§ What needs to be done: Write out every line exactly, from the start of the records below to the line with "793200 PIN Code", and stop there. Don't write out the pictures.
*** Opening Provided material ***
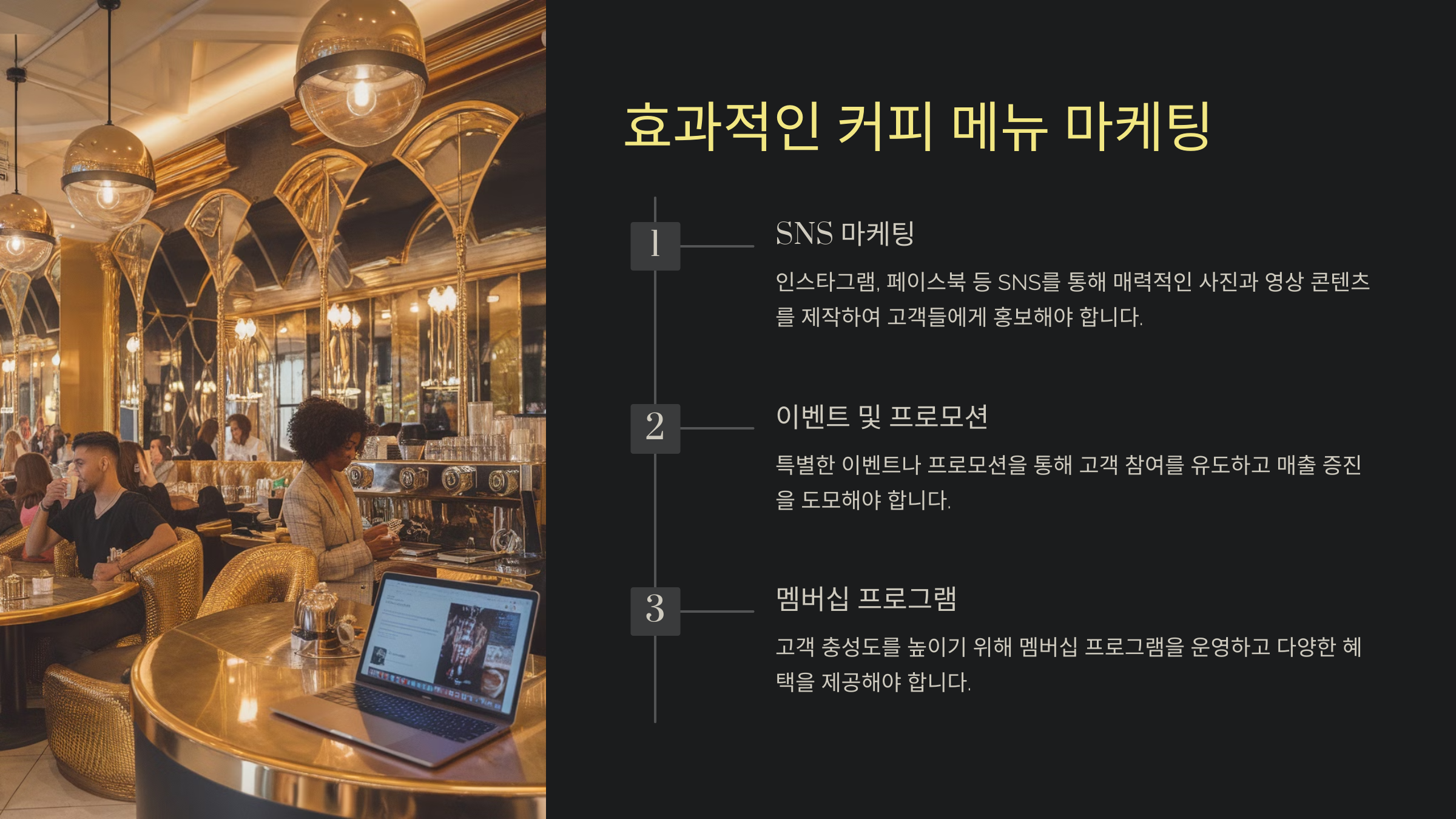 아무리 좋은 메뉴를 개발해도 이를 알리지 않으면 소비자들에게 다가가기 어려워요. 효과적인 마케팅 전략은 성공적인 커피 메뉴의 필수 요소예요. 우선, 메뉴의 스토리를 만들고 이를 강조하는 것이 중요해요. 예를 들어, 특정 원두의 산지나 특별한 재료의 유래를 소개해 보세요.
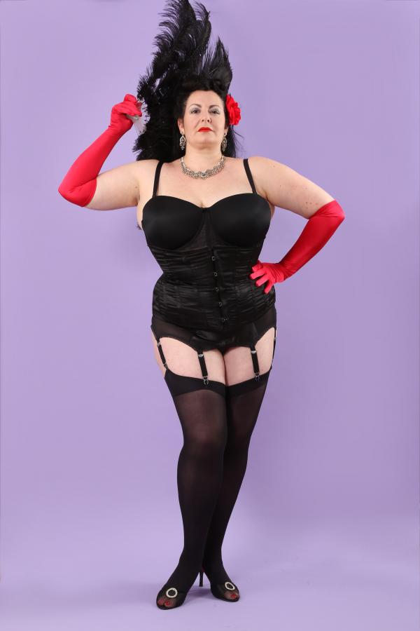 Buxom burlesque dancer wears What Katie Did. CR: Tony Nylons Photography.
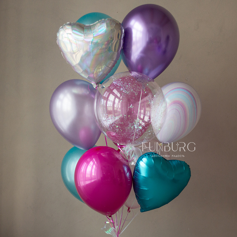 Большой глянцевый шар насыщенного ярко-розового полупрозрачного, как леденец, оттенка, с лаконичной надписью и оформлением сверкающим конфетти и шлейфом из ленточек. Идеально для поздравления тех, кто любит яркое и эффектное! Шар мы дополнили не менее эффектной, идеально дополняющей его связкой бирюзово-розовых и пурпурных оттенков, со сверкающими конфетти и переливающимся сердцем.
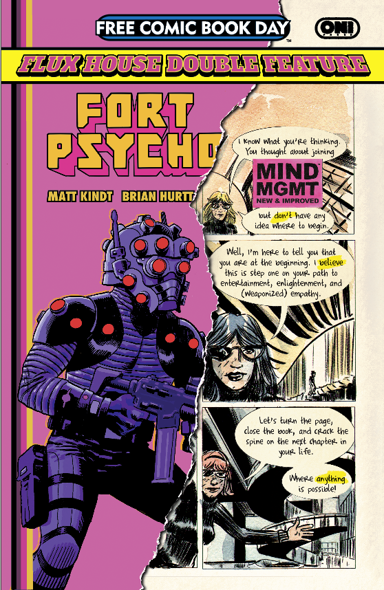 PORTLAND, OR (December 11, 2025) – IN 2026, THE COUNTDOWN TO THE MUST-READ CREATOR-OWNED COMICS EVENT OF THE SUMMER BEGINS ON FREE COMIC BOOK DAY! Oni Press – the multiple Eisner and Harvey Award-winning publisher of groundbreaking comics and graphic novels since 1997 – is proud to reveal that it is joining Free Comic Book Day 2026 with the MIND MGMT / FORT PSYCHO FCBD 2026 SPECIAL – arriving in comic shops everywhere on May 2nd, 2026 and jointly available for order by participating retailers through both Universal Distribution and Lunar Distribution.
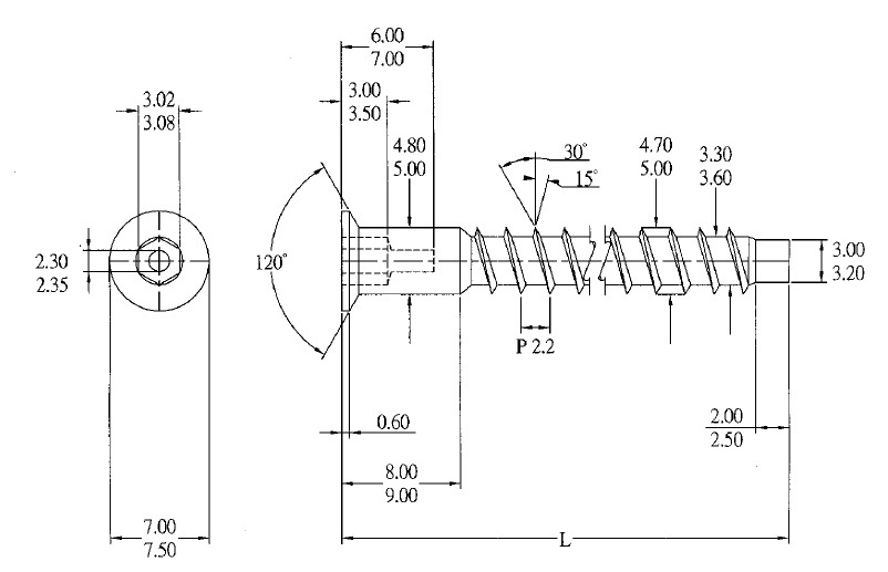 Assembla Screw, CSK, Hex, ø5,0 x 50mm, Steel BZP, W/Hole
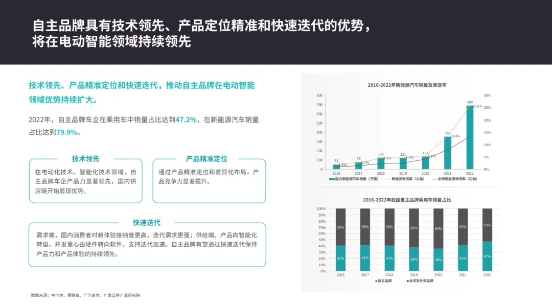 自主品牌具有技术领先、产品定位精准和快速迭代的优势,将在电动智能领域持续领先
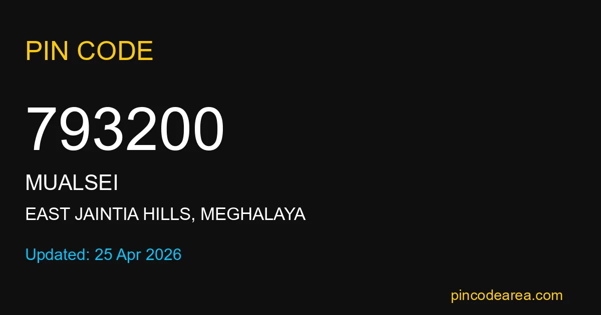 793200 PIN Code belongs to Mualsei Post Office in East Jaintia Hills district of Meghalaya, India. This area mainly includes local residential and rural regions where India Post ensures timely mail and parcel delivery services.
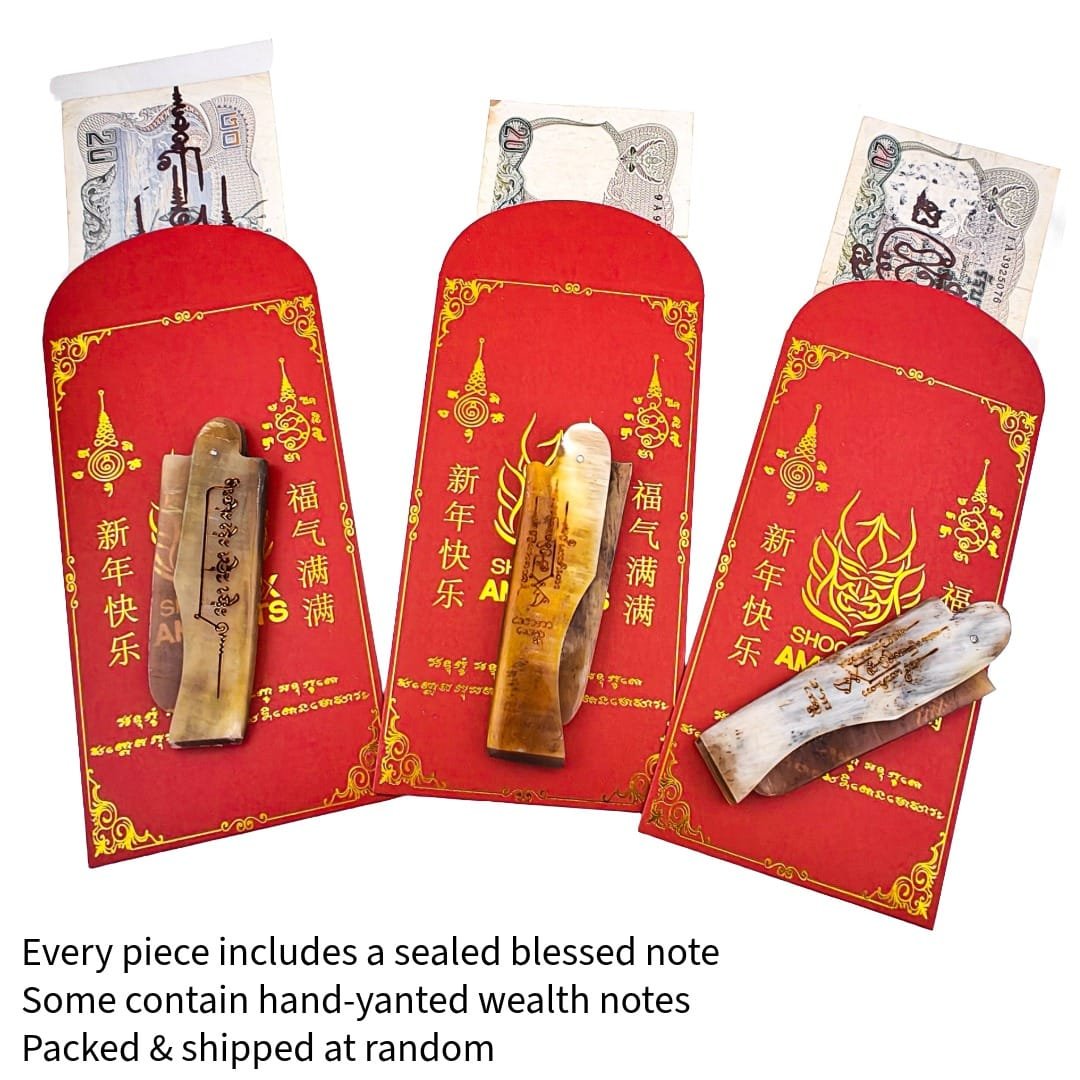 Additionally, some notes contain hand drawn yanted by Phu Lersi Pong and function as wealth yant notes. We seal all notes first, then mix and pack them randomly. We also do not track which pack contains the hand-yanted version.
*** Closing Provided material ***
§ Task answer:
 아무리 좋은 메뉴를 개발해도 이를 알리지 않으면 소비자들에게 다가가기 어려워요. 효과적인 마케팅 전략은 성공적인 커피 메뉴의 필수 요소예요. 우선, 메뉴의 스토리를 만들고 이를 강조하는 것이 중요해요. 예를 들어, 특정 원두의 산지나 특별한 재료의 유래를 소개해 보세요.
 Buxom burlesque dancer wears What Katie Did. CR: Tony Nylons Photography.
 Большой глянцевый шар насыщенного ярко-розового полупрозрачного, как леденец, оттенка, с лаконичной надписью и оформлением сверкающим конфетти и шлейфом из ленточек. Идеально для поздравления тех, кто любит яркое и эффектное! Шар мы дополнили не менее эффектной, идеально дополняющей его связкой бирюзово-розовых и пурпурных оттенков, со сверкающими конфетти и переливающимся сердцем.
 PORTLAND, OR (December 11, 2025) – IN 2026, THE COUNTDOWN TO THE MUST-READ CREATOR-OWNED COMICS EVENT OF THE SUMMER BEGINS ON FREE COMIC BOOK DAY! Oni Press – the multiple Eisner and Harvey Award-winning publisher of groundbreaking comics and graphic novels since 1997 – is proud to reveal that it is joining Free Comic Book Day 2026 with the MIND MGMT / FORT PSYCHO FCBD 2026 SPECIAL – arriving in comic shops everywhere on May 2nd, 2026 and jointly available for order by participating retailers through both Universal Distribution and Lunar Distribution.
 Assembla Screw, CSK, Hex, ø5,0 x 50mm, Steel BZP, W/Hole
 自主品牌具有技术领先、产品定位精准和快速迭代的优势,将在电动智能领域持续领先
 793200 PIN Code belongs to Mualsei Post Office in East Jaintia Hills district of Meghalaya, India. This area mainly includes local residential and rural regions where India Post ensures timely mail and parcel delivery services.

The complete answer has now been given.